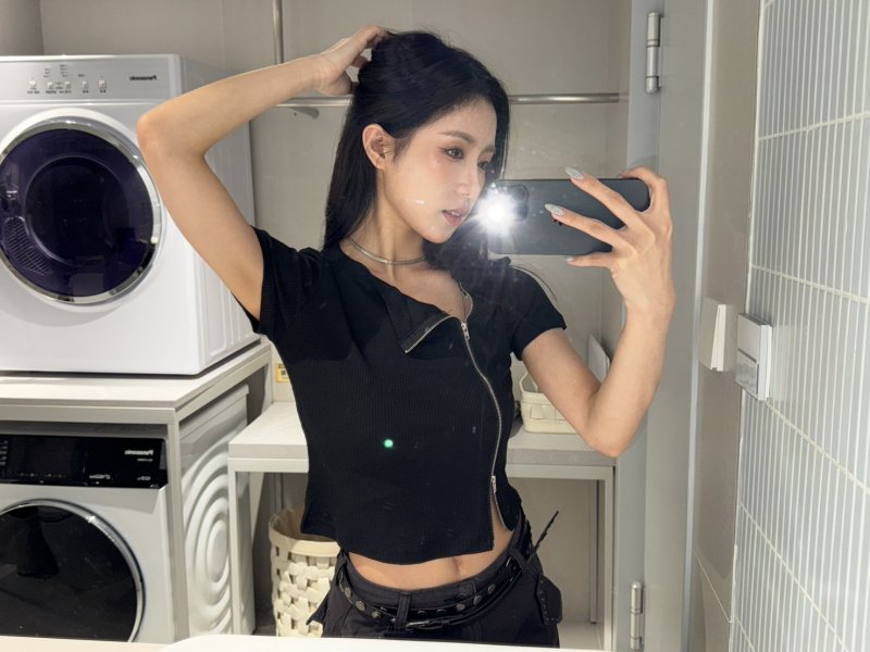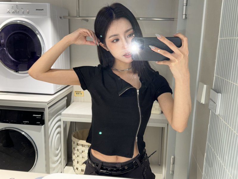 滿$4500贈送-夏日斜拉鏈辣妹薄tee
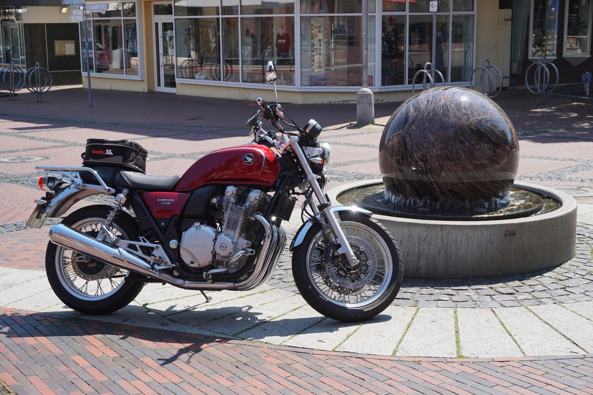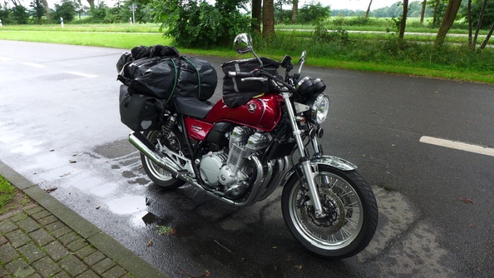 Die Befestigung ist so, dass sie wie bei einem Pferd auf der Sitzbank liegen und mit Zusatzriemen fixiert werden. Den Honda-Träger habe ich eigentlich vor allem wegen der Optik
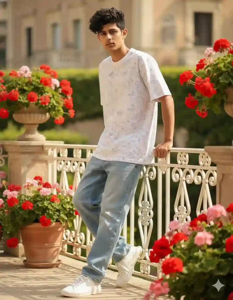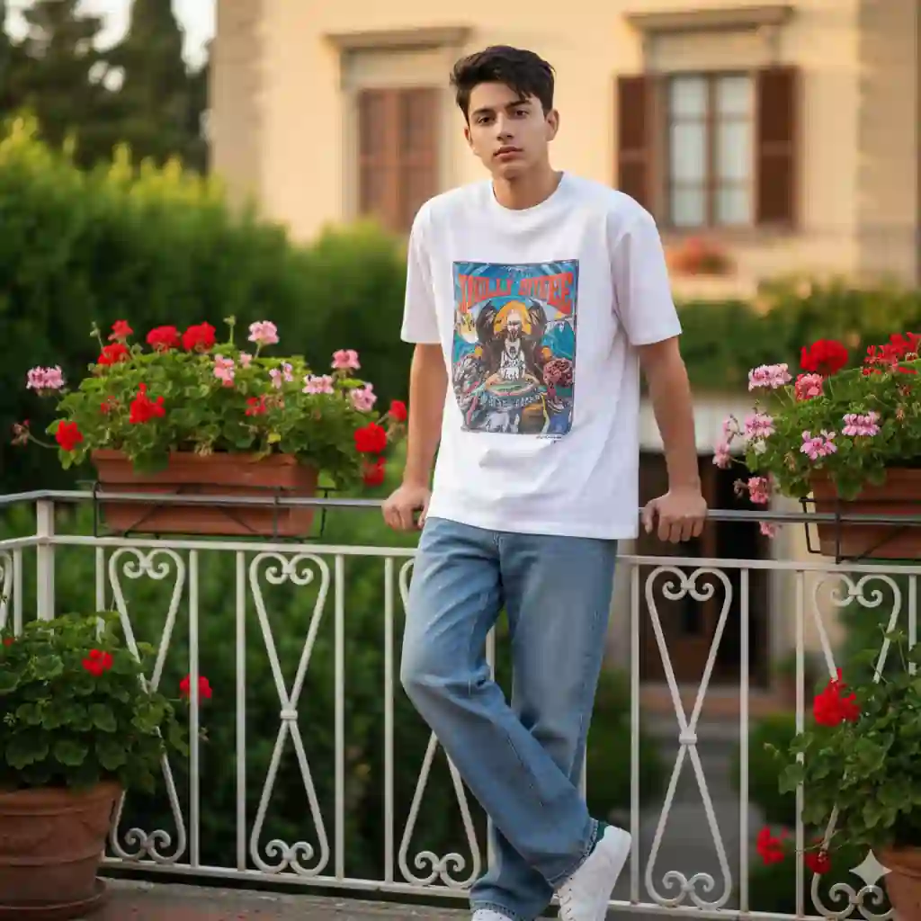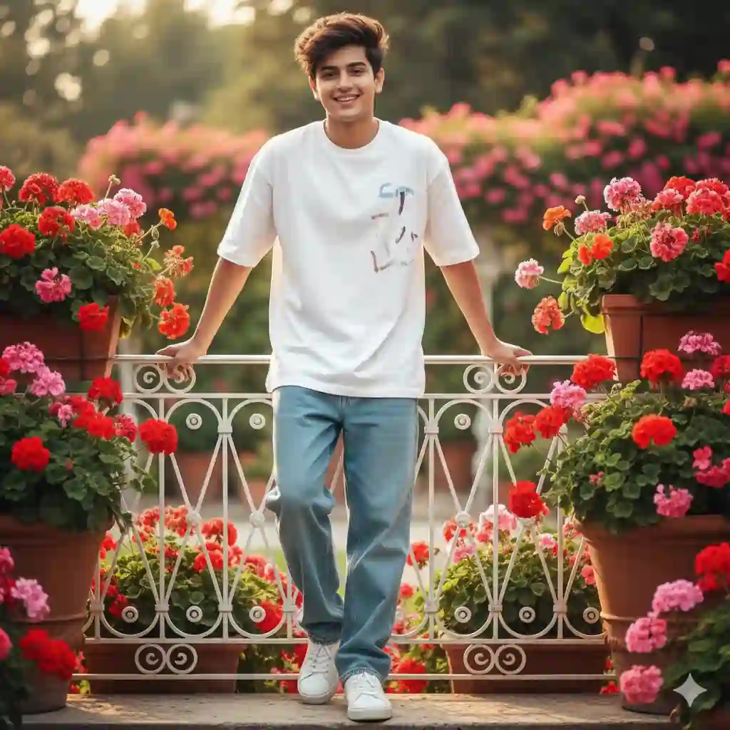 “Give the exact same face in 8K ultra-realistic quality. Medium full-shot of a stylish young man with messy hair leaning on a white wrought-iron balcony. He wears a printed oversized white T-shirt, baggy blue jeans, and white sneakers. The setting is a lush Italian villa garden filled with vibrant red and pink geraniums. Soft natural sunlight creates a warm cinematic atmosphere with blurred architectural background. Do not change anything.”

_ _ _

- _What you should do_
The data above should be restated exactly, with its images dropped.

- _Result for this task_
 滿$4500贈送-夏日斜拉鏈辣妹薄tee
 Die Befestigung ist so, dass sie wie bei einem Pferd auf der Sitzbank liegen und mit Zusatzriemen fixiert werden. Den Honda-Träger habe ich eigentlich vor allem wegen der Optik
 “Give the exact same face in 8K ultra-realistic quality. Medium full-shot of a stylish young man with messy hair leaning on a white wrought-iron balcony. He wears a printed oversized white T-shirt, baggy blue jeans, and white sneakers. The setting is a lush Italian villa garden filled with vibrant red and pink geraniums. Soft natural sunlight creates a warm cinematic atmosphere with blurred architectural background. Do not change anything.”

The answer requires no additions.